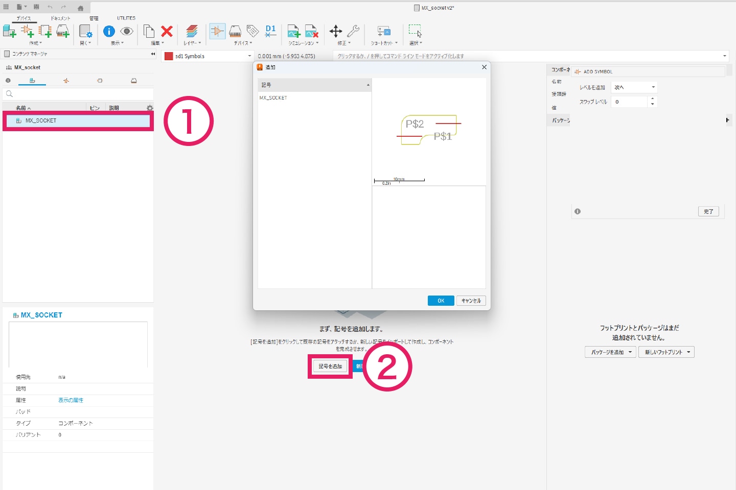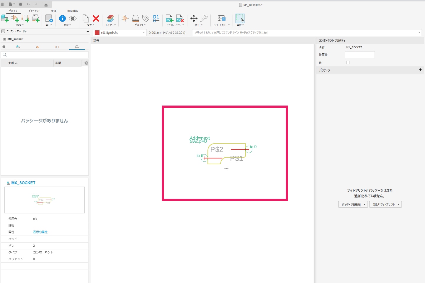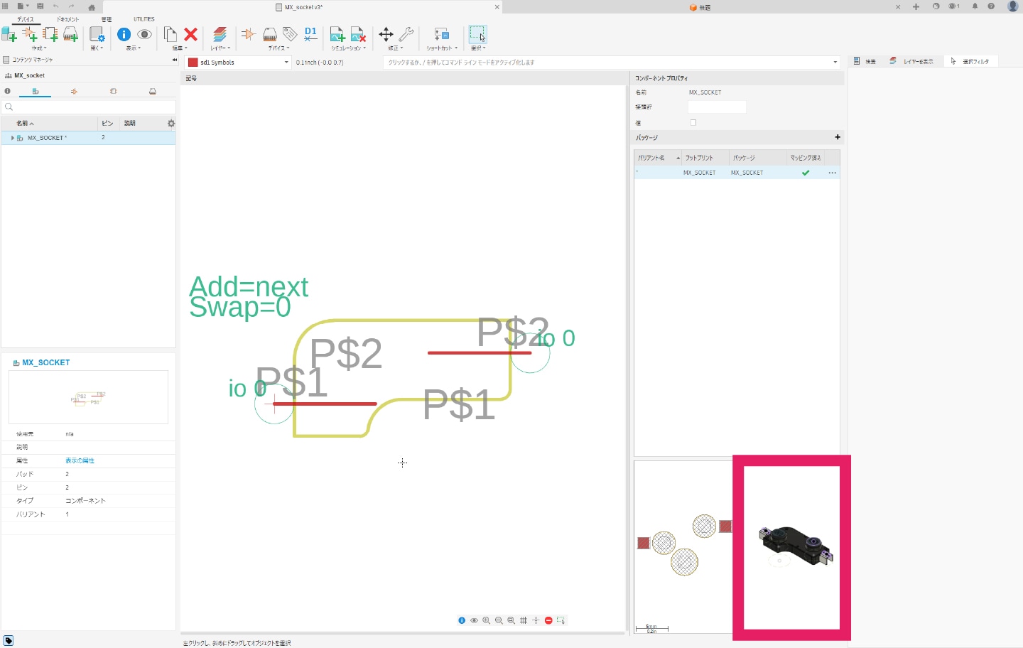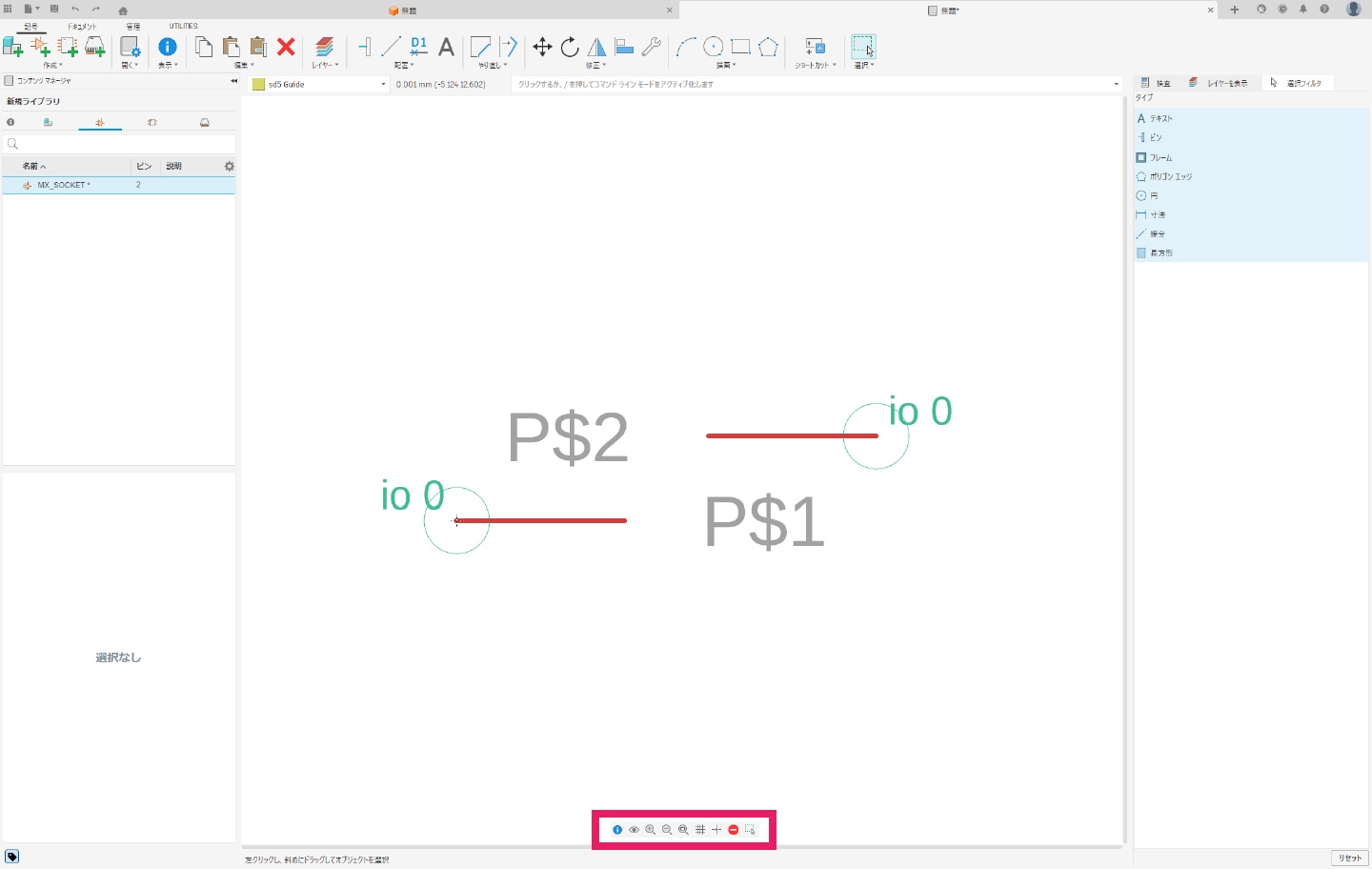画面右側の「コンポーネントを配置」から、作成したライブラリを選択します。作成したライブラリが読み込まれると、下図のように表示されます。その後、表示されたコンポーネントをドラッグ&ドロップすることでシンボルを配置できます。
--
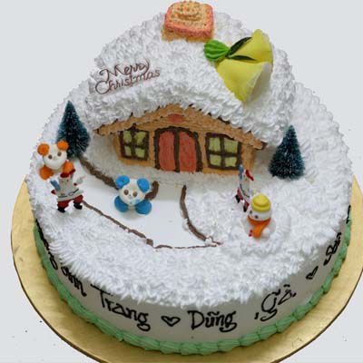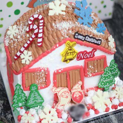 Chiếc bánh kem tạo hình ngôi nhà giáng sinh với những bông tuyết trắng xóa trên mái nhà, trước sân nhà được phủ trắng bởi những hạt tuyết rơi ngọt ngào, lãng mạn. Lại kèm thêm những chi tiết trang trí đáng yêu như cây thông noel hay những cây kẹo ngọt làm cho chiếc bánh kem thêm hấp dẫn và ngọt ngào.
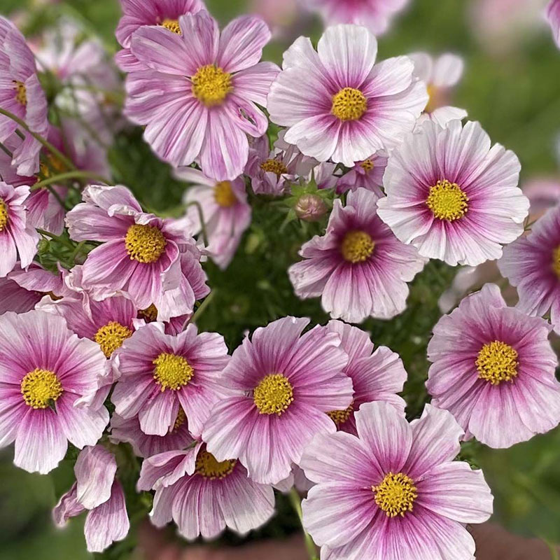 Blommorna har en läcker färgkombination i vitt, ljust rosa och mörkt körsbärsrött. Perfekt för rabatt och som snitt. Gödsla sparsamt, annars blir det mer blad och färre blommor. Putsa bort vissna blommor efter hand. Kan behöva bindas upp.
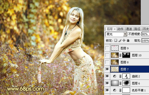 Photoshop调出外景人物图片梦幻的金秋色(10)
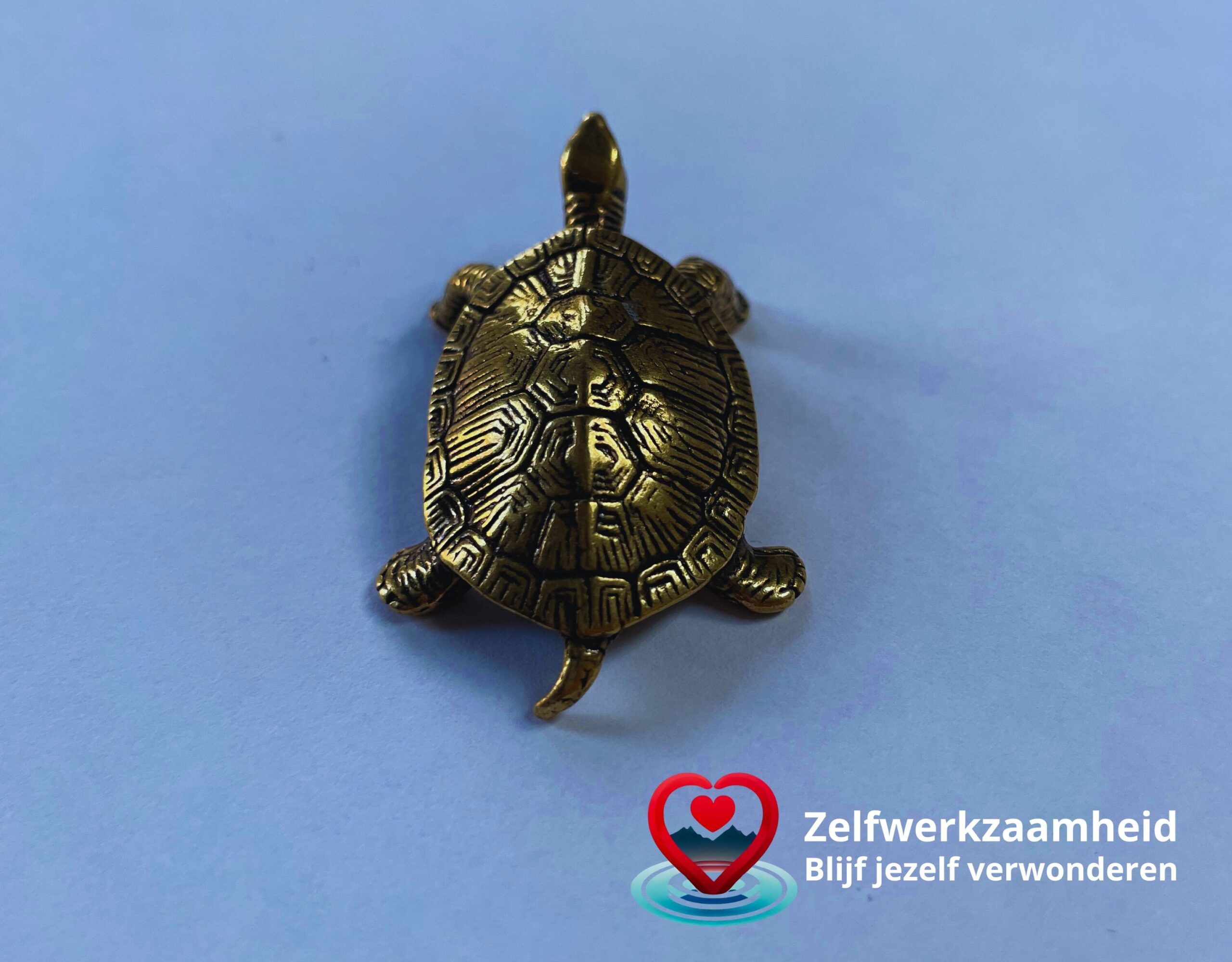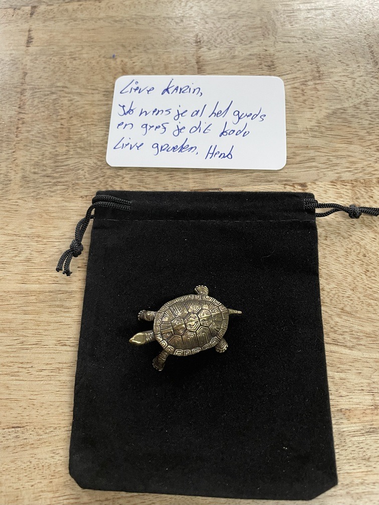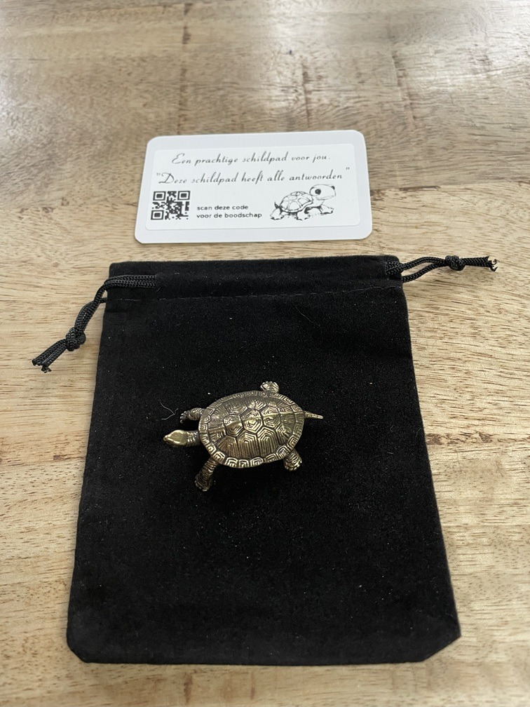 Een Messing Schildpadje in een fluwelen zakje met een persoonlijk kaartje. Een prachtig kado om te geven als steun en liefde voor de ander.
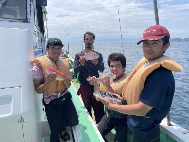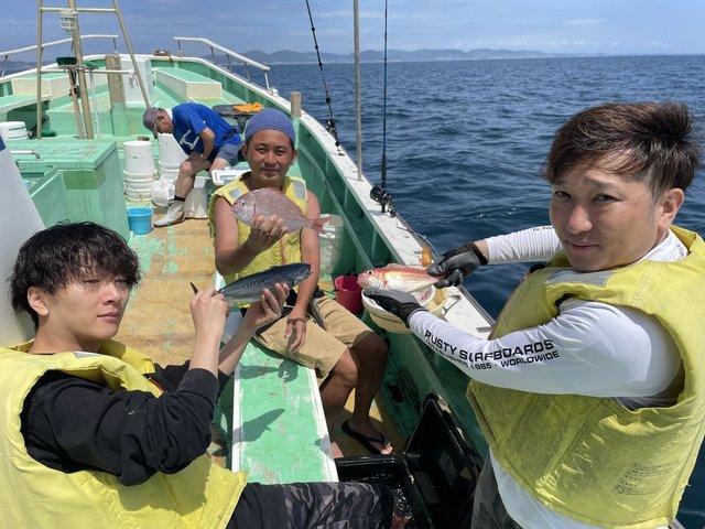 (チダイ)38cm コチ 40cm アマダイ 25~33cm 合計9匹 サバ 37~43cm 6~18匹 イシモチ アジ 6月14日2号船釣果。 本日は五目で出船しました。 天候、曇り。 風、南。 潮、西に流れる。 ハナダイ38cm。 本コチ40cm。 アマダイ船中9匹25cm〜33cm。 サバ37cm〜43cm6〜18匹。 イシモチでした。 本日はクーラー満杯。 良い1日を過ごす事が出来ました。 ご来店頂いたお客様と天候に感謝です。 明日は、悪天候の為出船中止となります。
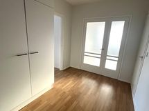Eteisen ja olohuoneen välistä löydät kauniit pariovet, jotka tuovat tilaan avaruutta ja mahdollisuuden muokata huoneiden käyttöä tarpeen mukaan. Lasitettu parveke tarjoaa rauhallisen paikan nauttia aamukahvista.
--
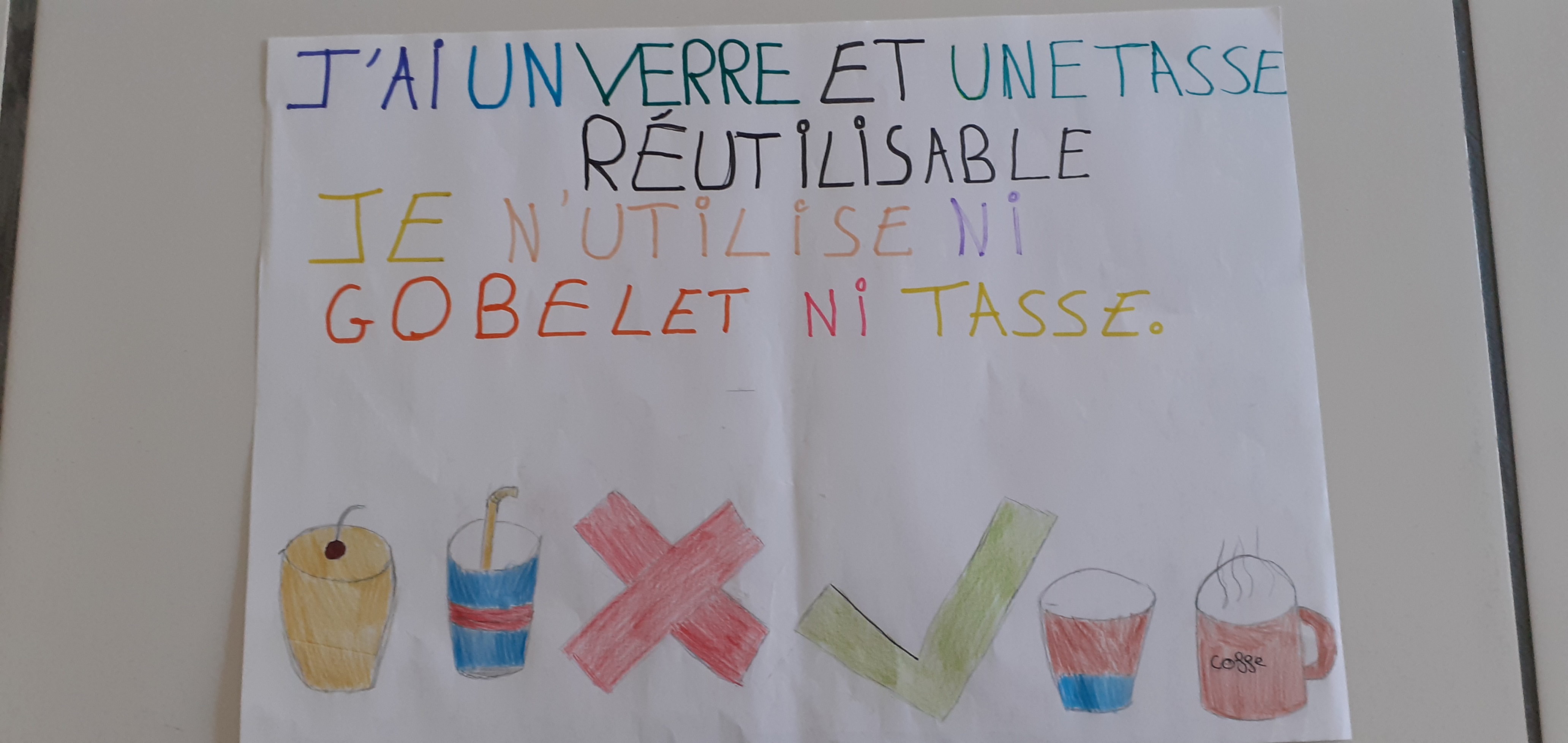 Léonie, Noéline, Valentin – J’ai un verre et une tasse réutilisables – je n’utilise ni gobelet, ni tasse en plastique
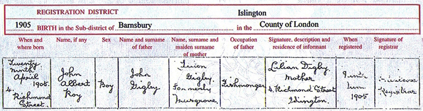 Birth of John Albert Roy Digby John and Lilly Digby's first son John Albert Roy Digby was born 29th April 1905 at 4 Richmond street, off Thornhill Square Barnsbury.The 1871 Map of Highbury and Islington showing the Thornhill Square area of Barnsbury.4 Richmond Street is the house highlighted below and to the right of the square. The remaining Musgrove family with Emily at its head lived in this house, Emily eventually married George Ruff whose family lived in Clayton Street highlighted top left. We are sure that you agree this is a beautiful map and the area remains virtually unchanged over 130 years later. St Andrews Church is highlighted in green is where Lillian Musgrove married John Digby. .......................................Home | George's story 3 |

(DIRECTIONS): Starting at the line above with "Léonie, Noéline, Valentin", output every line exactly up to and including the line with "Birth of John", but none of the pictures.

(RESULT OF THIS EXERCISE):
 Léonie, Noéline, Valentin – J’ai un verre et une tasse réutilisables – je n’utilise ni gobelet, ni tasse en plastique
 Birth of John Albert Roy Digby John and Lilly Digby's first son John Albert Roy Digby was born 29th April 1905 at 4 Richmond street, off Thornhill Square Barnsbury.The 1871 Map of Highbury and Islington showing the Thornhill Square area of Barnsbury.4 Richmond Street is the house highlighted below and to the right of the square. The remaining Musgrove family with Emily at its head lived in this house, Emily eventually married George Ruff whose family lived in Clayton Street highlighted top left. We are sure that you agree this is a beautiful map and the area remains virtually unchanged over 130 years later. St Andrews Church is highlighted in green is where Lillian Musgrove married John Digby. .......................................Home | George's story 3 |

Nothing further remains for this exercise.